I've been reading Nicole Krauss's novel The History of Love, which has made me want to re-read Italo Calvino's dream Invisible Cities, which only primed me for the one-two of these articles-- about Russian airports and boring towns in the Maritimes-- both owing something to the master.
First, Calvino:
Diomira: The special quality of this city for the man who arrives there on a September evening, when the days are growing shorter and the multicolored lamps are lighted all at once at the doors of the food stalls and from a terrace a woman's voice cries ooh!, is that he feels envy toward those who now believe they have once before lived an evening identical to this and who think they were happy, that time.
Then Edward Riche writing in The Walrus:
Cranstock cannot even assert that it is the most boring town in New Brunswick, a title held for many, many, many years (too many to bother counting) by Addleby, the historical museum of which displays a copy of the 1968 phone book, the last year a separate edition was issued for the county. Frestover, Nova Scotia, situated at the mouth of the turbid, sluggish, and meandering Western River, on the featureless Northern Shore, was long considered one of the most uninteresting places in all of Canada, let alone the Atlantic provinces, until, in 2001, a fair-sized sinkhole appeared near the municipal boundary and a hobby farmer nearby acquired a llama.

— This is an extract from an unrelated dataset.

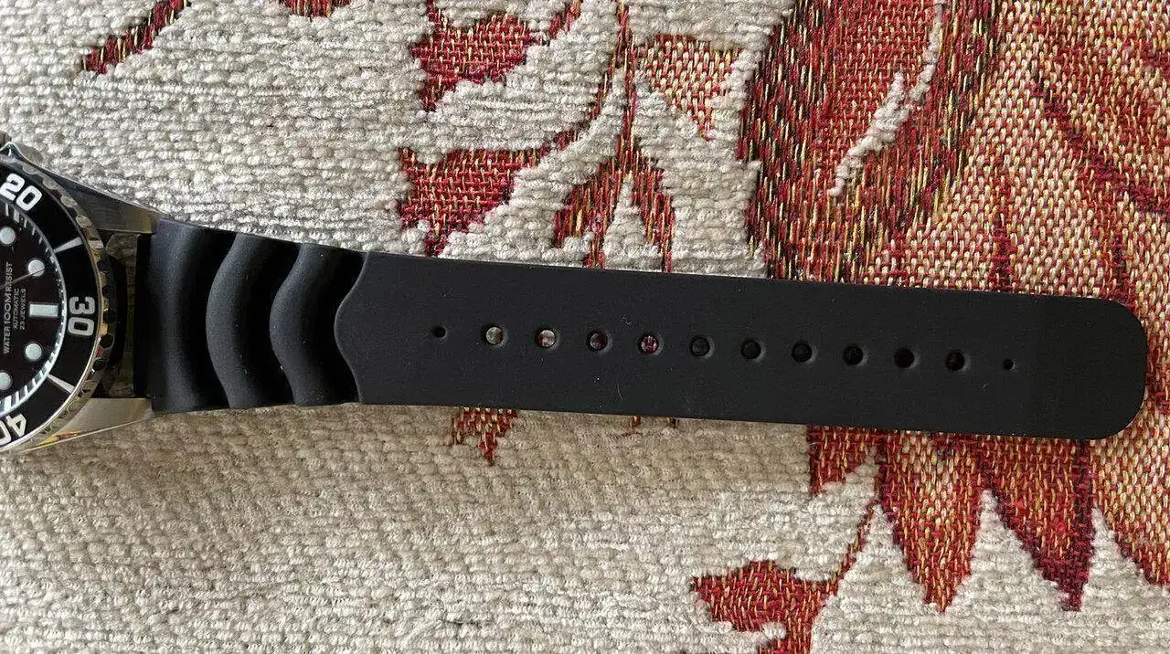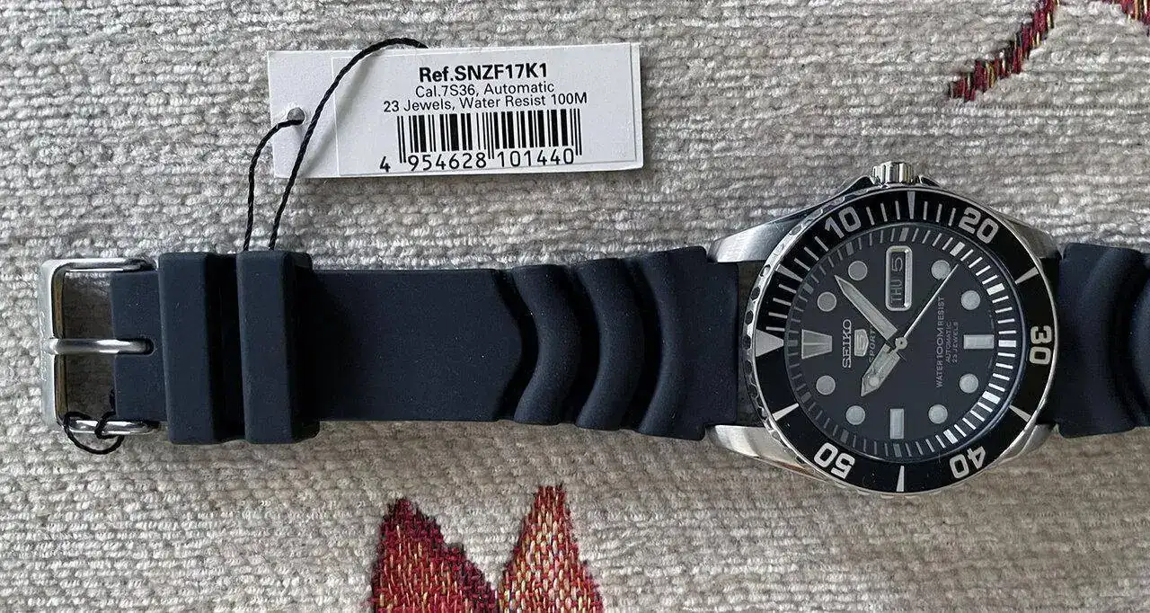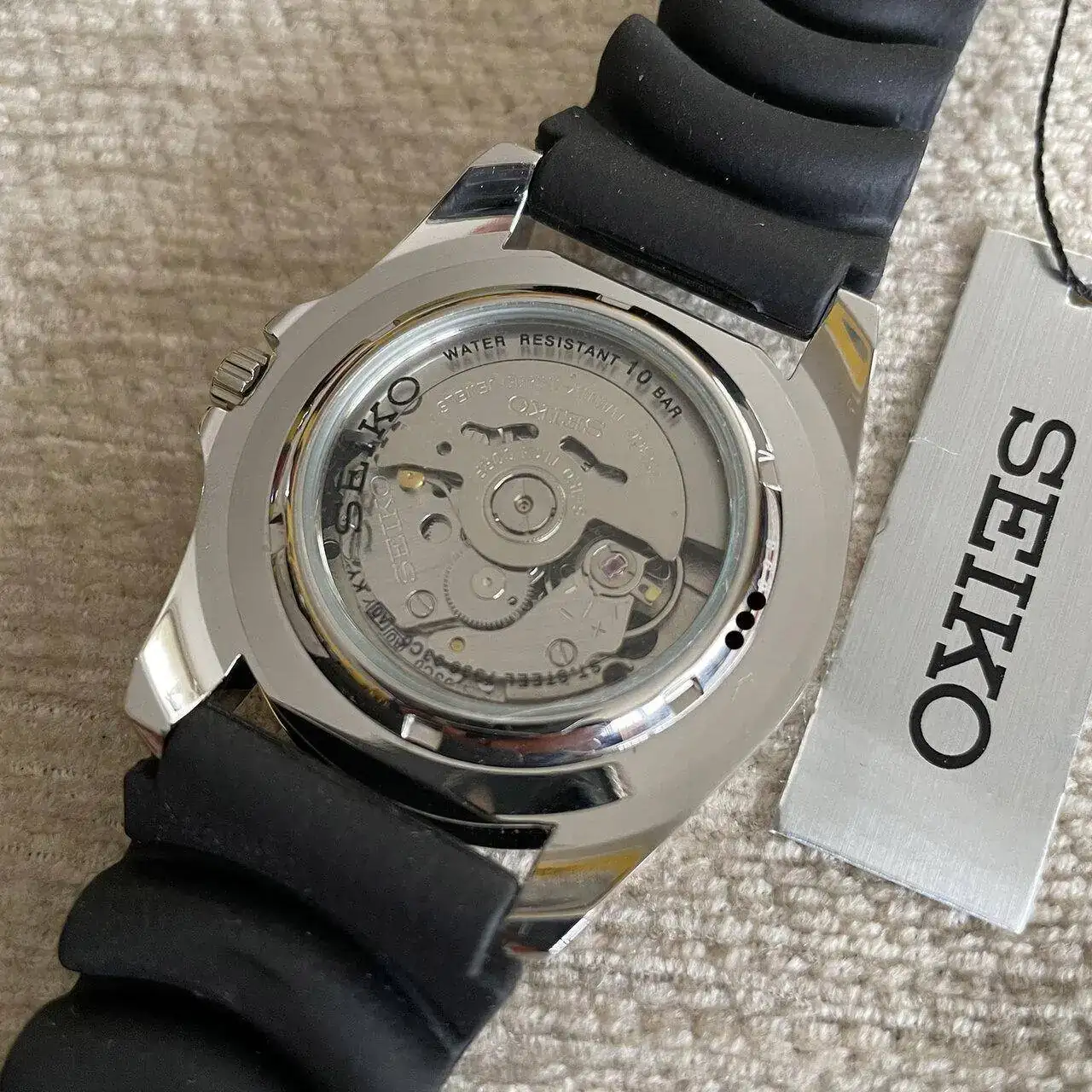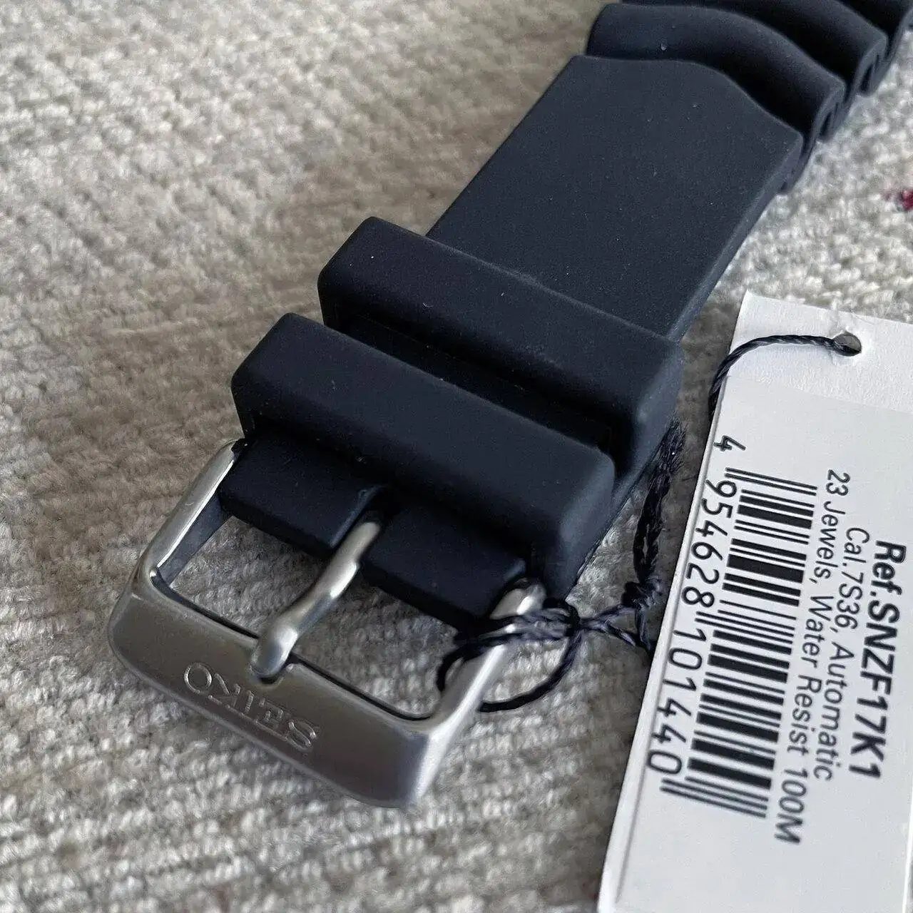 El reloj monta una correa original de resina negra Seiko Z22 en lugar de brazalete de acero.

Finally, an apparently un-bylined article in The Economist
Irkutsk: Five hours ahead of Moscow, in eastern Siberia, Irkutsk is the nearest city to Lake Baikal, the world's largest body of fresh water—water so clear that it induces vertigo in many of its visitors. The drive to the lake leads through vast forests, past the roadside shamanistic altars of the indigenous Buryats, under an enormous Siberian sky. In the 19th century Irkutsk was home to many of the so-called Decembrists, and the wives who followed them into exile after their 1825 revolt against the tsar: men and events that might have changed Russia's history, and the world's. Alexander Kolchak, a diehard White commander, was shot in Irkutsk in 1920; his body was thrown into the icy Angara river.
Planes descend into the city's airport over identikit Soviet apartment blocks and rickety Siberian dachas. The current arrivals terminal is a hut on the apron of the tarmac. Passengers wait in the street until the baggage-handlers feel inclined to pass their bags through a hole in the hut's wall. The bags then circulate on a terrifying metal device apparently borrowed from a medieval torture chamber. The nearby departure terminal is chaos, though by ascending an obscure staircase passengers can find an interesting photographic display on “minerals of eastern Siberia”.
The hut, however, is only temporary: a new, modern terminal is being built. It will be needed if the local authorities attract all the tourists they are hoping for. Lake Baikal, the awesomely beautiful main draw, was threatened by a new oil pipeline—until Vladimir Putin ordered its route moved away from the shores of what Buryats call the “Sacred Sea”.